**What this task involves:**
Starting at the top of the records below and ending with the line that contains "雍正帝行乐图 图中雍正皇帝扮成苏轼于山野题诗", print each line exactly as written, skipping the pictures.
Segment Start: Records for processing
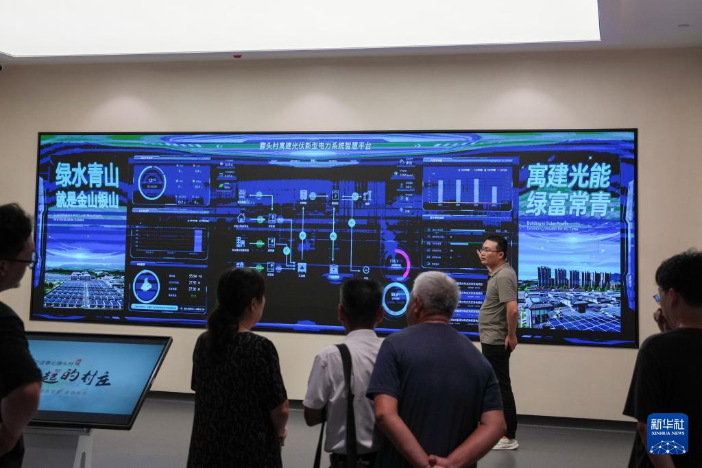 8月12日,寧波奉化蕭王廟街道滕頭村村民代表在了解光伏發(fā)電項(xiàng)目的智慧平臺(tái)。
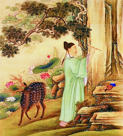 雍正帝行乐图 图中雍正皇帝扮成苏轼于山野题诗
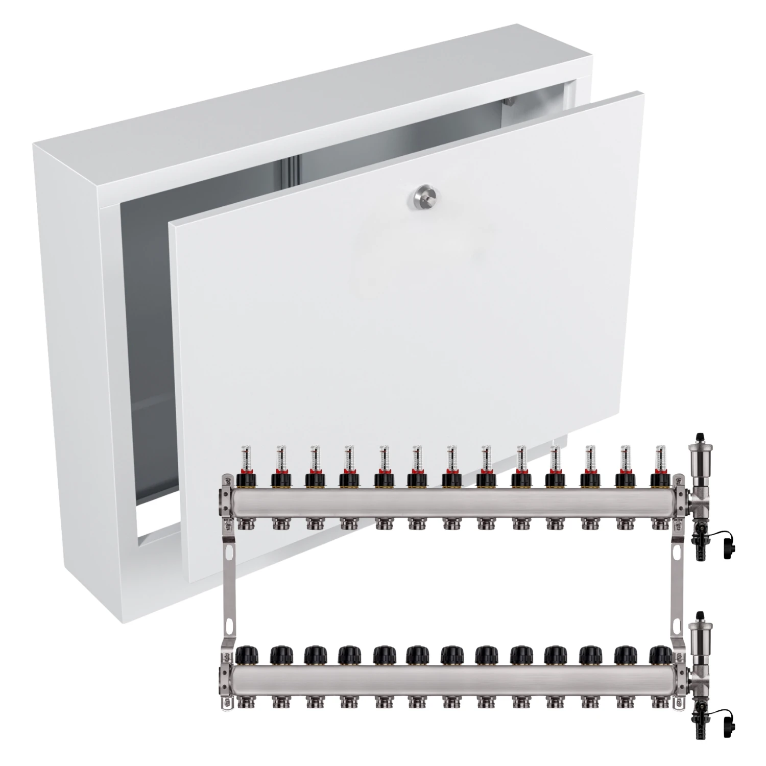 Zestaw wyposażony jest w przepływomierze (rotametry) z zaworami regulacyjnymi, które umożliwiają precyzyjną i szybką regulację przepływu dzięki skali umieszczonej na zaworze (do 5 l/min). Dodatkowo, w skład zestawu wchodzi zespół odpowietrzająco-spustowy z automatycznym odpowietrznikiem i systemem Aquastop, chroniący przed zalaniem. Zawór stopowy pozwala na łatwą wymianę i konserwację odpowietrznika bez konieczności opróżniania instalacji. Zawory termostatyczne z pokrętłami umożliwiają wyrównanie przepływu w pętlach o różnej długości oraz zrównoważenie instalacji pod względem oporów hydraulicznych. Wkładki termostatyczne są przystosowane do montażu siłowników elektrycznych M30x1,5, co pozwala na ręczną regulację przepływu lub całkowite zamknięcie wybranej pętli.
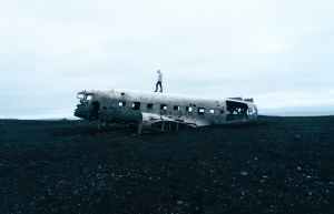 person standing on wrecked plane
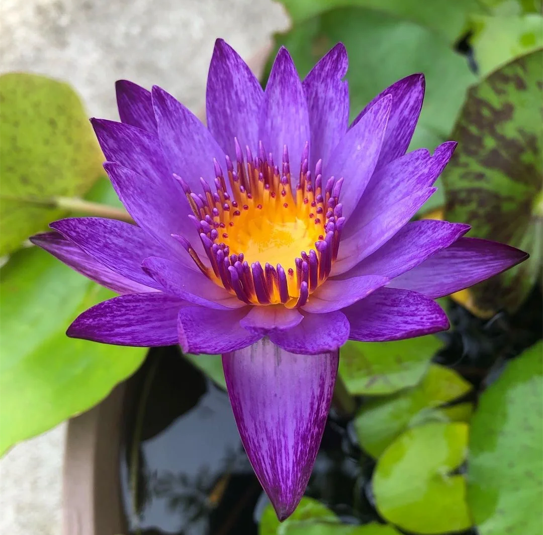 Nymphaea small flowers belong to tropical Small Native Water lily varieties, Flowers and leaves have ornamental value: Blue-purple petals with white spots, Tender green The leaves have red, brown and black spots, so they are also called "tabby water lilies".
Segment End: Records for processing
**Answer to this problem:**
 8月12日,寧波奉化蕭王廟街道滕頭村村民代表在了解光伏發(fā)電項(xiàng)目的智慧平臺(tái)。
 雍正帝行乐图 图中雍正皇帝扮成苏轼于山野题诗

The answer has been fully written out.